I present the master star KIKO slingshot, a keen and regular at all tournaments of the community of Madrid.

greetings to all I hope you enjoy ..... Alf


----------



## Sofreto (May 10, 2012)

WOW...very unique...looks like a trophy


----------



## Flatband (Dec 18, 2009)

I have to get one of those Spanish Style slingshots for my collection! They are very interesting! I also have to try some of that oval "Gummi" rubber that is so popular over there. Hombre de Excellente Senor Alf, que tu piensas? Tu quieres dinero o Tirachina de Flatband? Diga me que tu quieres! Gracias pana! Flatband


----------



## lightgeoduck (Apr 3, 2011)

Gaboxolo, on here,and his father(i believe) use that style slingshot. He is quite a marksman shooter with it as well.

cool pics

LGD


----------



## Flatband (Dec 18, 2009)

Oh yeah Light, Gabo can shoot man! Flatband


----------



## orcrender (Sep 11, 2010)

I also really like these slingshots. They look great and from some of the videos they shoot great.


----------



## Bob Fionda (Apr 6, 2011)

Very interesting slingshot. I'd like to see how it shoots.


----------



## Ordie69 (Aug 25, 2011)

I love that style. The aiming points are very interesting.


----------



## MAV (Mar 18, 2012)

Low and wide, very cool!


----------



## DaveSteve (May 16, 2012)

On the second picture you can see that it is asemmetric. Strange. I've never seen one like that.
Seems to be also head heavy. A very unique slingshot.
Must be some good reason for its shape.


----------



## Chepo69 (May 1, 2010)

Un moustrosón jejeje!

Que moustrosón!

Muy rompe madres como decimos por Acambaro mi Alf,

Has andado muy desapartao tio!


----------



## akmslingshots (Mar 2, 2012)




----------



## valkerie (Mar 5, 2012)

I thought it was a trophy.......








Is that real!


----------



## Maomao (Feb 12, 2012)

Hola Alf ! Un gran saludo primero que todo, y mil gracias por siempre tener comentarios tan amables , 
oye ... Kiko que belleza de trabajo verdadero artesano!

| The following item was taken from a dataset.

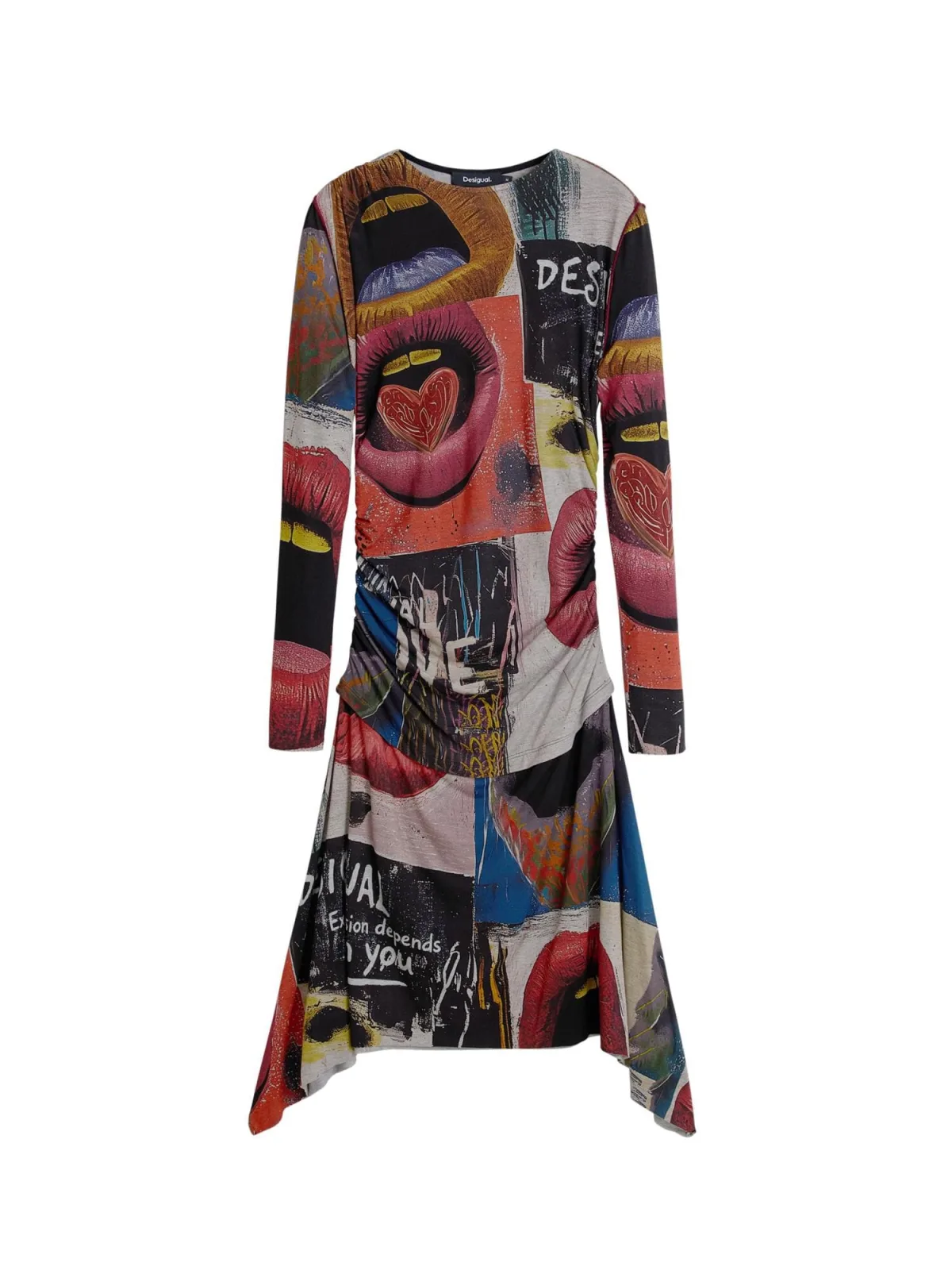 Val op in het dagelijks leven met deze Desigual midi jurk met all over print. De karakteristieke kleurrijke print zorgt direct voor een levendig geheel, terwijl de middellange lengte en A-lijn pasvorm zorgen voor een silhouet dat veel mensen goed staat. De jurk is gemaakt van viscose, wat soepel langs het lichaam valt voor een prettige bewegingsvrijheid.Kleurrijke details en comfortabele pasvorm A-lijn model dat licht uitloopt vanaf de taille voor een silhouet dat de taille accentueert Midi lengte, ideaal voor zowel werk als vrije tijd Lange, rechte mouwen voor net iets meer bedekking op koelere dagen Ronde hals die eenvoudig te combineren is met sieraden All over print in meerdere kleuren voor de kenmerkende Desigual uitstraling Gemaakt van viscose, een zachte stof met een soepele valling Ontworpen zonder sluiting, zodat de jurk eenvoudig over het hoofd aan te trekken is Geen zakken, waardoor de lijnen van de jurk rustig en gestroomlijnd blijvenVoor werk, weekend en alles daartussenDeze jurk is geschikt voor uiteenlopende momenten. Combineer met sneakers voor een ontspannen dag in de stad of draag er enkellaarsjes onder voor een meer geklede outfit. Dankzij de lange mouwen en midi lengte voelt de jurk passend in verschillende seizoenen.Desigual: herkenbare stijl met kleurDesigual staat bekend om opvallende prints en rijke kleurcombinaties. De collecties zijn ontworpen met oog voor detail en een herkenbare signatuur, zodat je telkens weer een item kiest dat duidelijk bij het merk hoort en lang in je kast meegaat.Een kleurrijke aanvulling waarmee je garderobe weer een nieuwe optie rijker is.

Algo similar a flatband, vual es el costo ?
Un abraz Mo.


----------



## alfshooter (May 11, 2011)

Hello mates

My respects to the Master Gaspar Gaboxolo father and son are fantastic shooters and enthusiasts.

Thank you very much for the comments, it informs KIKO, I have some very interesting photos of some of his slingshot, I will upload the.

A hug ....... ALF


----------



## e~shot (Jun 3, 2010)

Man tha is a KiKO!


----------